- Original language: Hindi
- Written by: Rahul Bhuchar, Naresh Katyayan
- Based on: Ramayana by Valmiki
- Music by: Udbhav Ojha, Saurabh Mehta
- Lyrics by: Ram Kumar Singh, Aalok Shrivastav
- Chorus: Felicity Theatre
- Genre: Mythological drama
- Setting: Ancient India

Premiere
- Date: January 25, 2024
- Place: Kamani Auditorium
- Directed by: Gaurav Bhardwaj

= Humare Ram =

Indian Hindi-language stage production based on the Ramayana

Humare Ram is an Indian historical play directed by Gaurav Bhardwaj and produced by Rahul Bhuchar under the banner of Felicity Theatre, with Ashutosh Rana as Ravan and Rahul Bhuchar as Ram.
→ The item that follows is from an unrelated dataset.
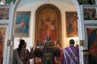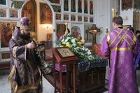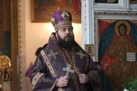 Его Преосвященству сослужили: митрофорный протоиерей Валентин Никонов, ключарь Свято-Воскресенского собора иерей Георгий Дворовой, клирик собора иерей Сергий Чудайкин.

The production presents a theatrical interpretation of the Ramayana, emphasizing the prospectives and emotional journeys of its primary characters. Since its debut in 2024, in Kamani Auditorium, the play has been staged in several prominent venues, including NMAAC, Mumbai and Dubai Opera in August 2025

In July 2026, the theatrical production is scheduled for a series of international performances in London. In London, the show will be premiere on 9 July and will stage from 9 July to 12 July at Eventim Apollo.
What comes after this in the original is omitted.